Se in Gluck brillava l’Orfeo di una smagliante Daniela Barcellona, in Offenbach il Teatro Verdi ha riaperto le porte a una Daniela della scena lirica altrettanto smagliante, la regina dell’operetta, la Diva mitteleuropea, l’intramontabile Daniela Mazzucato. L’Euridice offenbachiana è, fin dal suo debutto in questo piccante personaggio  – 1989 al Teatro di San Carlo, complici Peter Maag sul podio e Giancarlo Cobelli alla regia, – uno dei suoi più riusciti che a Trieste già affrontò, con grande successo, nell’ormai lontano 2003, sul palcoscenico del Politeama Rossetti dove in questi giorni ci si prepara ad accogliere, fra squilli di tromba e rulli di cannone, “The Phantom of the Opera”.

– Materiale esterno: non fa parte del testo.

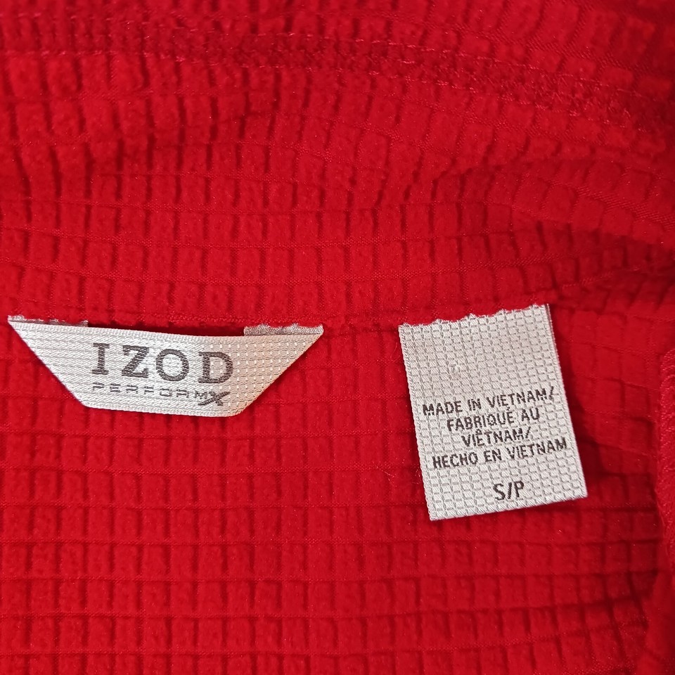 This Izod Performx sweatshirt is a men's size small in solid black color with a long sleeve and mock neck design. Made of a blend of polyester, spandex, and cotton, the sweatshirt features a 1/4 zip closure and the Izod logo accent. It is a pullover style garment perfect for activities like golf, with a regular fit and machine washable fabric. Ideal for a casual and sporty look, this sweatshirt combines comfort and style for everyday wear.
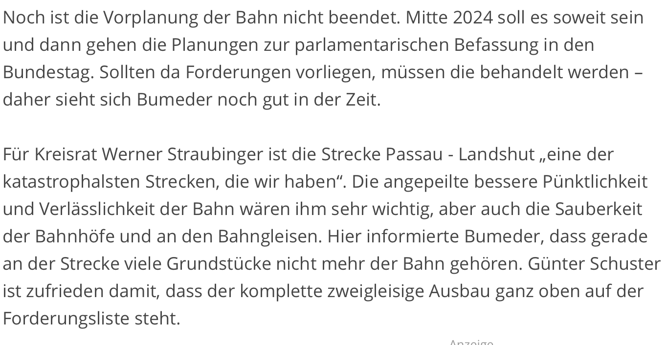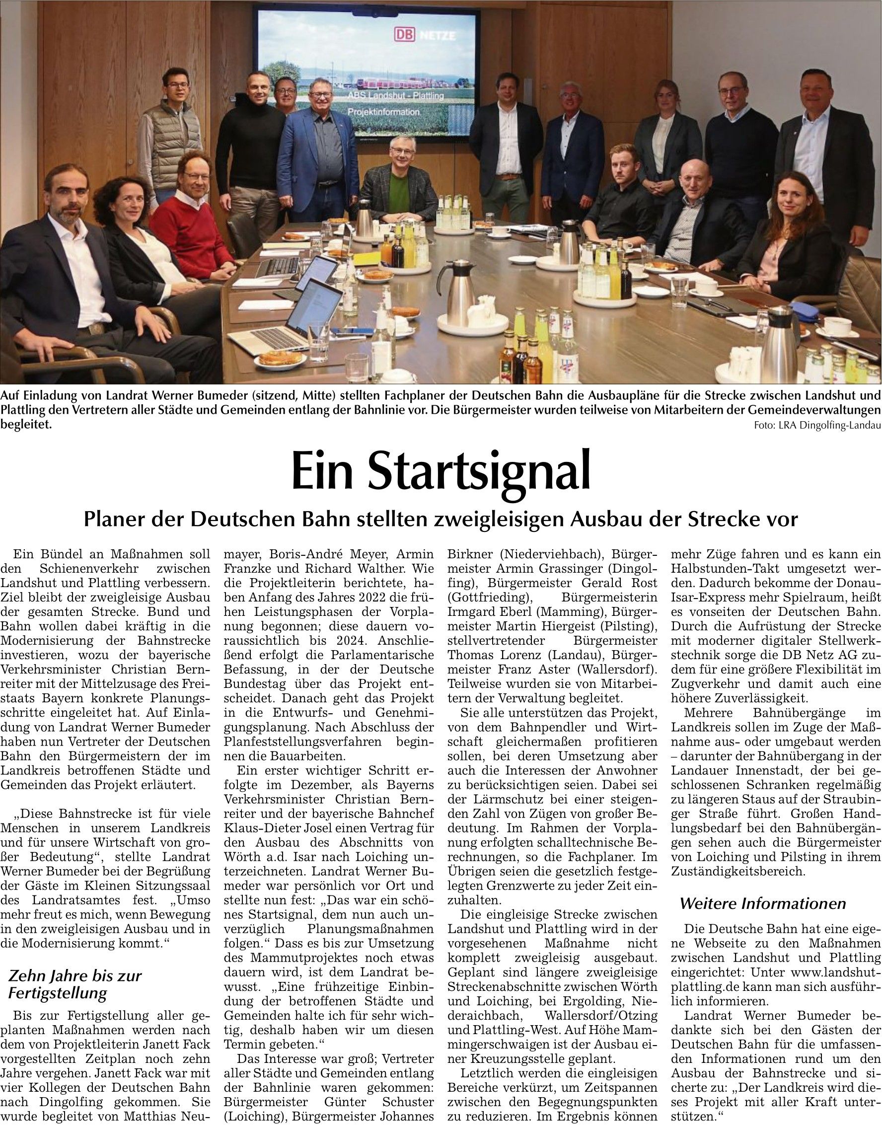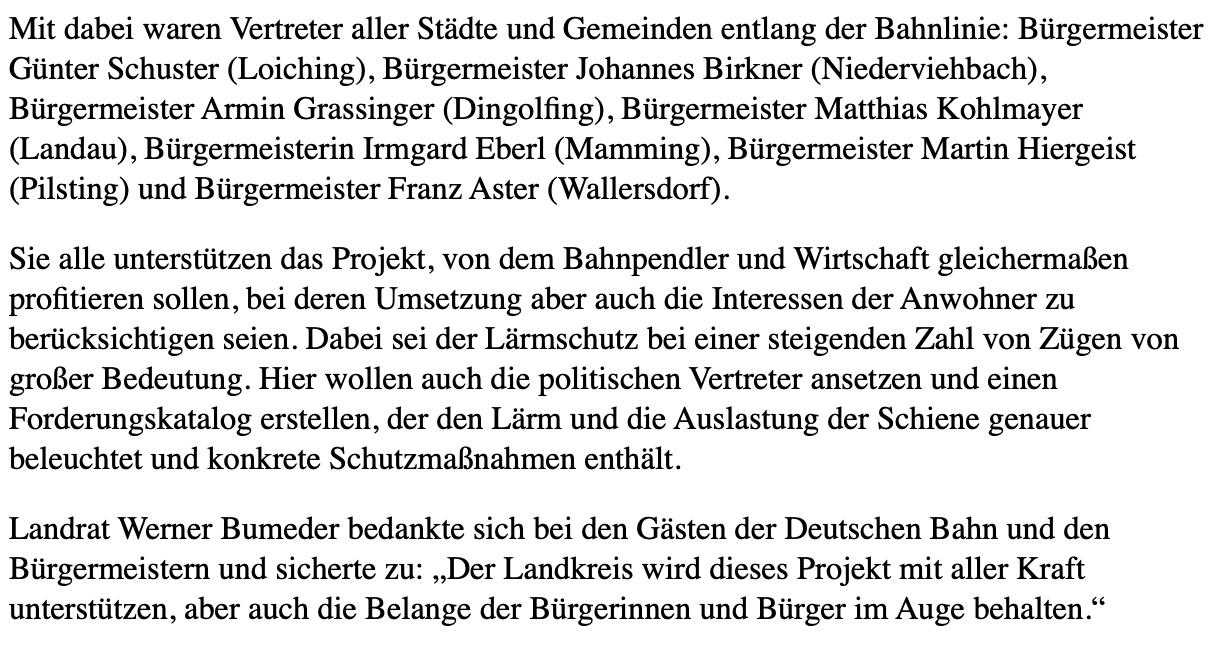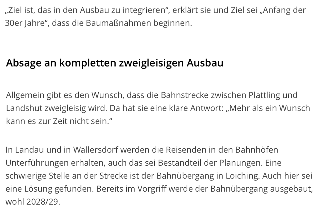 14.05.2025, PNP: Bahnstrecke Plattling-Landshut: Landrat Bumeder äußert sich zu den Bahnplänen

Nel presentare gli dei dell’Olimpo come meschini, ridicoli e guardati pirandellianamente a vista dall’Opinione pubblica (Marzia Postogna, qui madre di Aristeo), Offenbach diede all’operetta un sapore che scandalizzò parte del pubblico borghese dell’epoca; la sua maggioranza, però, avvertì anche che la farsa celava una satira corrosiva del Secondo Impero e della nuova “nobiltà” borghese di Napoleone III e della poco amata, dai francesi, Principessa Eugenia.

La coppia reale è rappresentata sulla scena da Orfeo (Gillen Munguia, bel timbro tenorile), violinista da strapazzo, e da Euridice, casalinga annoiata che accetta la corte di un giovane pastore (il valido Fabio Serani), mentre Orfeo rivolge le sue attenzioni alla ninfa Chloe.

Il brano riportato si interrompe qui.